TASK DIRECTIONS: Only the pictures are to be left out; write out the rest of the data exactly.

━━━ DATA SEGMENT ━━━

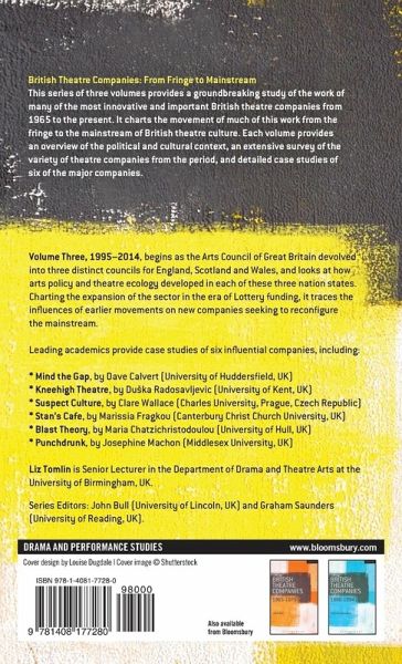 This series of three volumes provides a groundbreaking study of the work of many of the most innovative and important British theatre companies from 1965 to 2014. Each volume provides a survey of the political and cultural context, an extensive survey of the variety of theatre companies from the period, and detailed case studies of six of the most important companies. Volume Three, 1995-2014, charts the expansion of the sector in the era of Lottery funding and traces the resistant influences of earlier movements in the emergence of new companies and an independent theatre ecology that seeks to reconfigure the mainstream. Leading academics provide case studies of six of the most important companies, including: * Mind the Gap, by Dave Calvert (University of Huddersfield, UK) * Blast Theory, by Maria Chatzichristodoulou (University of Hull, UK) * Suspect Culture, by Clare Wallace (Charles University, Prague, Czech Republic) * Punchdrunk, by Josephine Machon (Middlesex University, UK) * Kneehigh, by Duska Radosavljevic (University of Kent, UK) * Stan's Cafe, by Marissia Fragkou (Canterbury Christ Church University, UK)
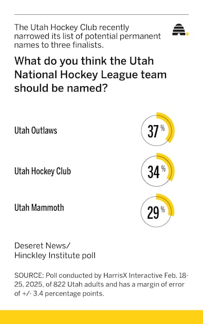 The survey of 822 Utah adults found 37% favor Outlaws and, perhaps surprisingly, 34% chose Utah Hockey Club and 29% like Mammoth.
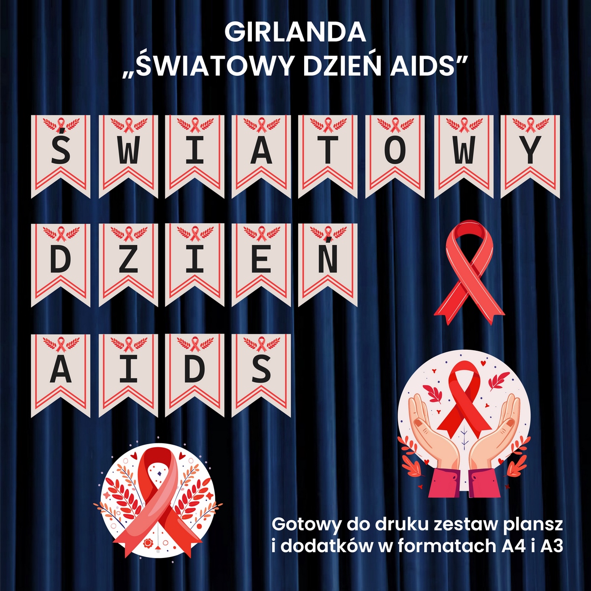 Girlanda z napisem „Światowy Dzień AIDS” to świetna propozycja dekoracji, która sprawdzi się podczas obchodów 1 grudnia – dnia poświęconego profilaktyce zdrowotnej i podnoszeniu świadomości wśród uczniów. To doskonała okazja, by wprowadzić młodzież w temat odpowiedzialnych wyborów i dbania o zdrowie.
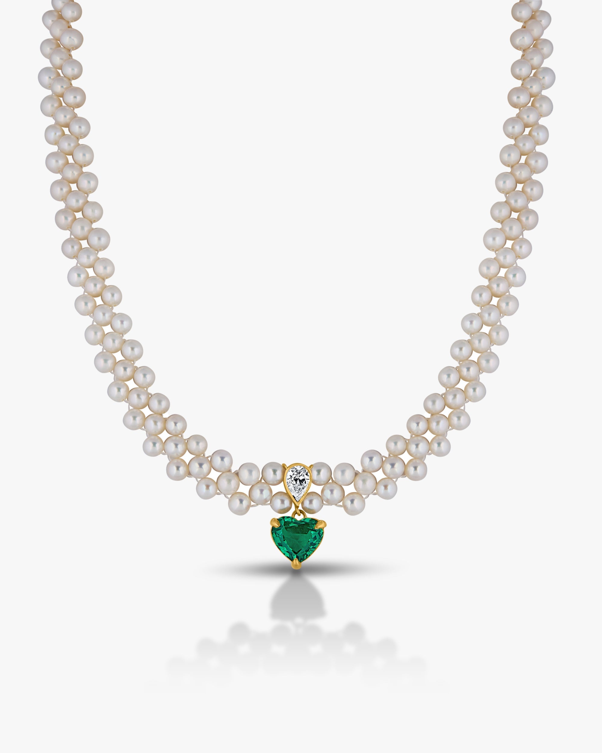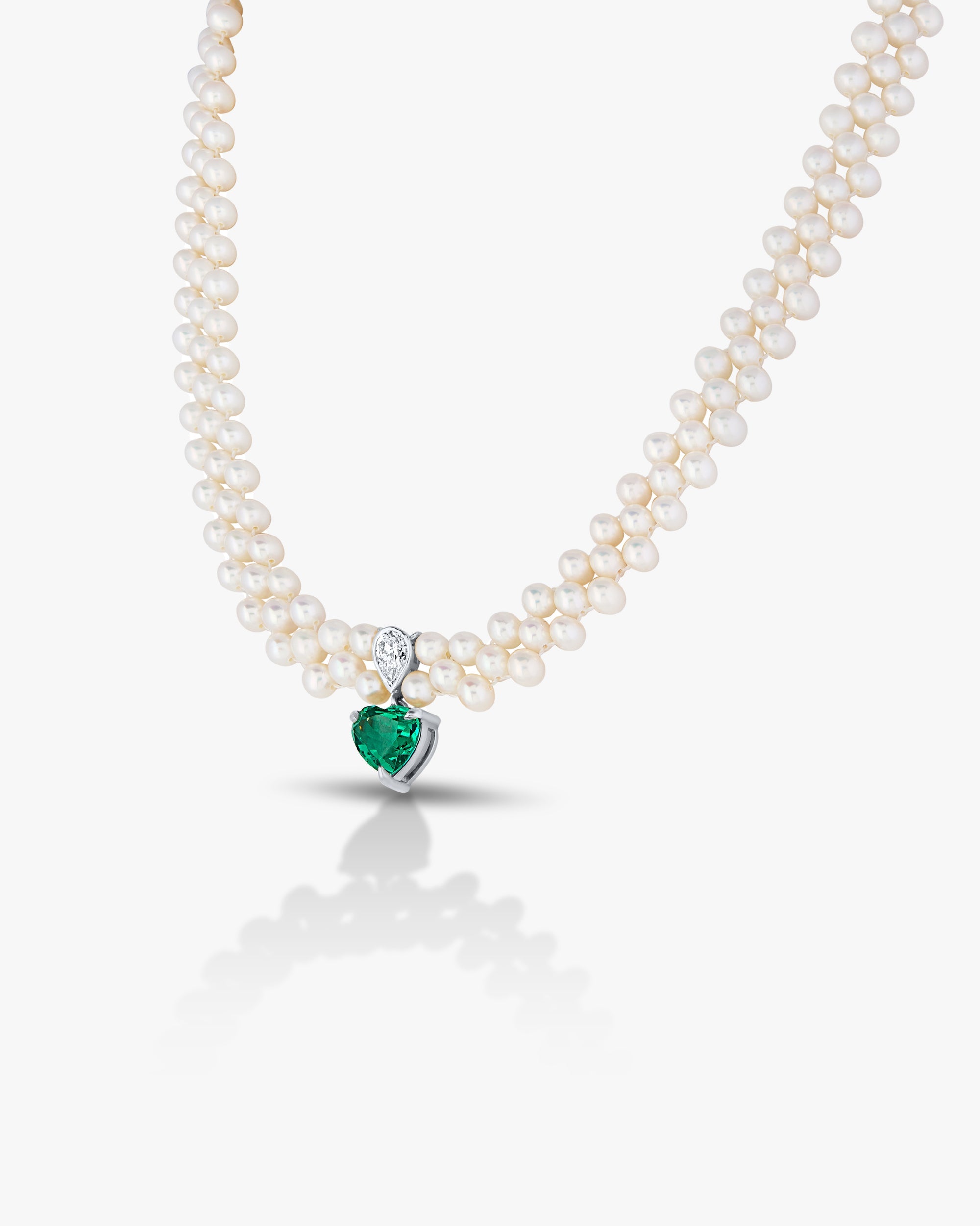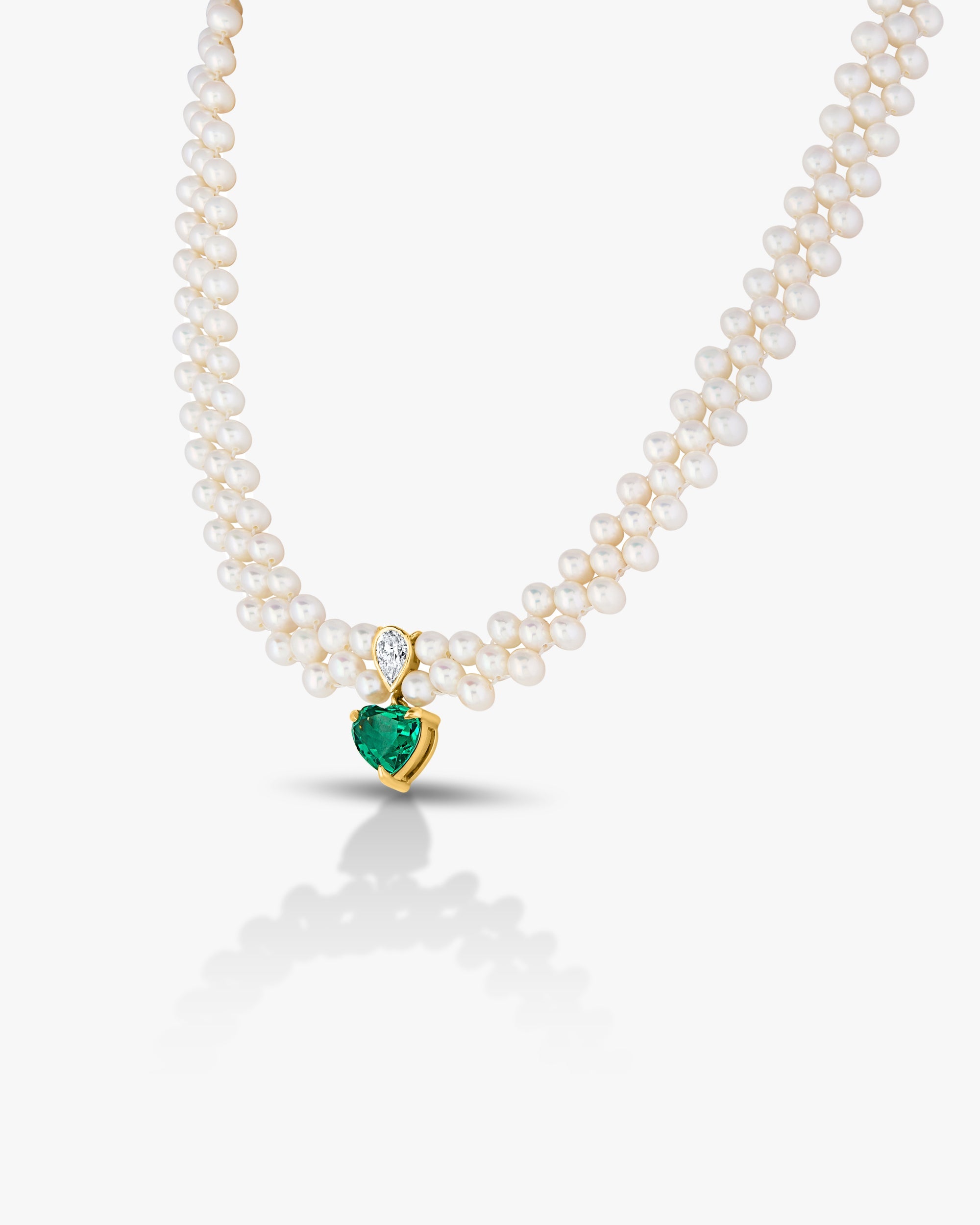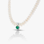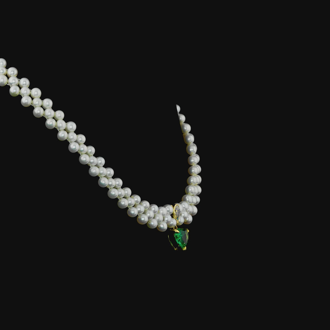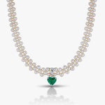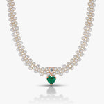 This elegant necklace features three rows of lustrous white pearls, beautifully arranged to create a classic and graceful look. At the center hangs a striking heart-shaped green stone set in a gold frame, adding a romantic and luxurious touch. Perfect for special occasions or timeless style.

━━━

RESPONSE TO THE EXERCISE:
 This series of three volumes provides a groundbreaking study of the work of many of the most innovative and important British theatre companies from 1965 to 2014. Each volume provides a survey of the political and cultural context, an extensive survey of the variety of theatre companies from the period, and detailed case studies of six of the most important companies. Volume Three, 1995-2014, charts the expansion of the sector in the era of Lottery funding and traces the resistant influences of earlier movements in the emergence of new companies and an independent theatre ecology that seeks to reconfigure the mainstream. Leading academics provide case studies of six of the most important companies, including: * Mind the Gap, by Dave Calvert (University of Huddersfield, UK) * Blast Theory, by Maria Chatzichristodoulou (University of Hull, UK) * Suspect Culture, by Clare Wallace (Charles University, Prague, Czech Republic) * Punchdrunk, by Josephine Machon (Middlesex University, UK) * Kneehigh, by Duska Radosavljevic (University of Kent, UK) * Stan's Cafe, by Marissia Fragkou (Canterbury Christ Church University, UK)
 The survey of 822 Utah adults found 37% favor Outlaws and, perhaps surprisingly, 34% chose Utah Hockey Club and 29% like Mammoth.
 Girlanda z napisem „Światowy Dzień AIDS” to świetna propozycja dekoracji, która sprawdzi się podczas obchodów 1 grudnia – dnia poświęconego profilaktyce zdrowotnej i podnoszeniu świadomości wśród uczniów. To doskonała okazja, by wprowadzić młodzież w temat odpowiedzialnych wyborów i dbania o zdrowie.
 This elegant necklace features three rows of lustrous white pearls, beautifully arranged to create a classic and graceful look. At the center hangs a striking heart-shaped green stone set in a gold frame, adding a romantic and luxurious touch. Perfect for special occasions or timeless style.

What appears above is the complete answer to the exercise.